Today’s oral arguments before the Supreme Court focused on one fundamental issue – Whether the minimum coverage provision (the individual mandate) is a valid exercise of Congress’s powers under the Commerce Clause of the Constitution.
Background –The Commerce Clause of the US Constitution allows Congress to regulate Interstate Activity. The question of what exactly constitutes “interstate activity” can be tricky, but the modern era of the Court has allowed a broad interpretation (and as 6.54 puts it, “comically broad”) that has tended to uphold Congressional action.
Court’s Approach to Commerce Clause – Generally, Congress is permitted to regulate 1)Instrumentalities of interstate commerce/ persons/things in Commerce stream, 2) Channels of commerce and 3) Activities that substantially affect interstate commerce (see Gonzales v. Raich, 545 U.S. (2005)). If Congress is looking in the 3rd set of activities, then it also has the power to “regulate purely local activities that are part of an economic class of activities that have a substantial effect on interstate commerce.” This power allows Congress to regulate the entire class of economic activity. In this case – health costs and purchasing health insurance.
Main Issue Before The Court – Whether or not requiring individuals to purchase health care insurance (note: WashPost has an excellent description of exactly who is required and who is not) qualifies as an economic activity, that is subject to government regulation. Specifically, does the decision to not purchase health insurance qualify as an economic activity that has a substantial effect on that nation’s health insurance costs and markets. And if so, are there limits to what the government can require an individual to purchase?
Summary of Administration’s Main Argument – In the Petitioner’s Brief, Solicitor General Verrilli argues that the minimum coverage provision “regulates economic activity that substantially affects interstate commerce” (p 23). Simply put, everyone is already engaged in the health insurance economic activity, whether they choose to purchase insurance or not.
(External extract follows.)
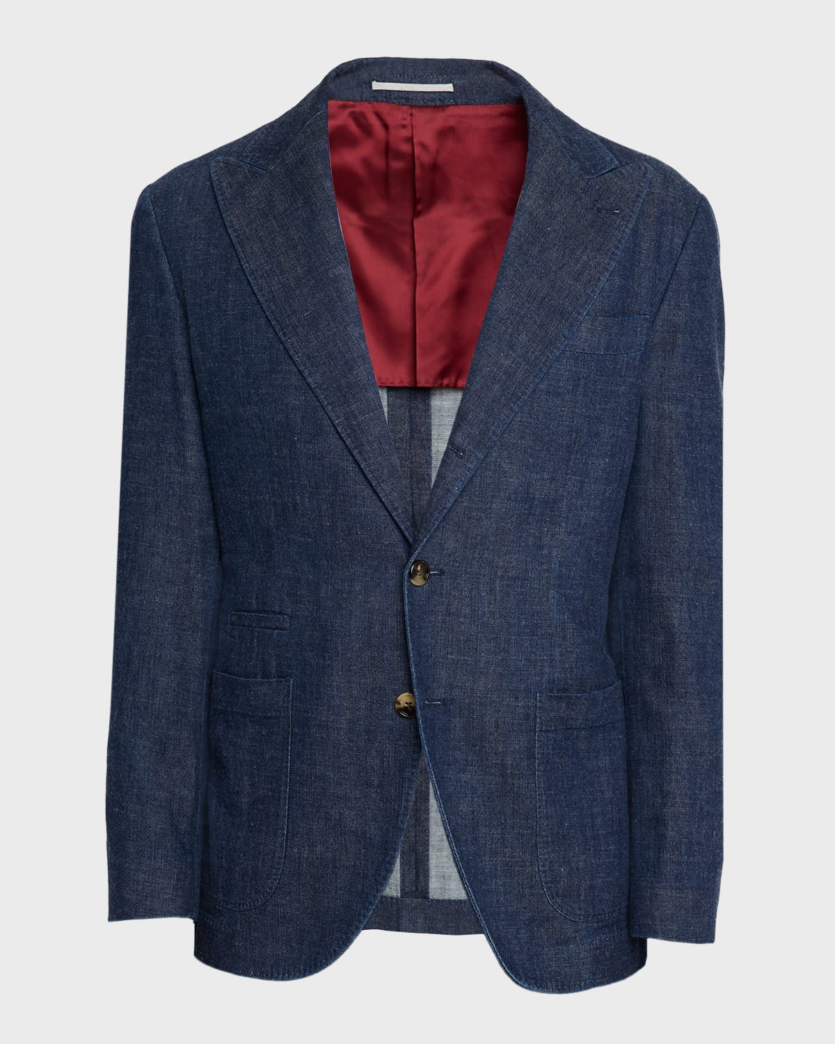 - Brunello Cucinelli sport jacket in lightweight denim for casual styling - Peak lapels - Single-breasted front - Barchetta chest pocket - Hip patch pockets; ticket pocket - Internal breast pocket - Double-vented back - Cotton - Lining: Cupro - Dry clean, machine wash line dry - Made in Italy

The uninsured cost over $40 billion of health care costs that are transferred to other taxpayers. This ‘activity’ then constitutes the economic conduct that effects interstate commerce – “namely the way in which individuals finance their participation in the health care market” (p 18).
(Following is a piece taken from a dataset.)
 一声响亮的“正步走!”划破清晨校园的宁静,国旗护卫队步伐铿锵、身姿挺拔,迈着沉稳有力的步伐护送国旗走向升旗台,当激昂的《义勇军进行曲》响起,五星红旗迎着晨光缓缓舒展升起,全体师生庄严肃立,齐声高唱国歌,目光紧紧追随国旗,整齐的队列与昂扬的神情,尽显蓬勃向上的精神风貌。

Summary of Opponent’s Main Argument – In the Respondent’s Brief, Former President Bush SG Paul Clement argues that the minimum coverage provision violates the commerce clause. Opponents argue that Congress cannot compel an individual to enter into commerce (i.e. by requiring the purchase of health insurance) in order to regulate their behavior. To regulate commerce “presupposes the existence of commerce to be regulated” (p.16). In broader terms – opponents see the law as an unbounded assertion of federal power that if allowed, has virtually no limits on what the government can require an individual to do.
There are a few other arguments in play, but these are the big ones. I’ll have more as the Court transcript becomes available. Leave your thoughts in the comments. As for me – my gut tells me this will come down to which side can sway Justice Kennedy to agree with them.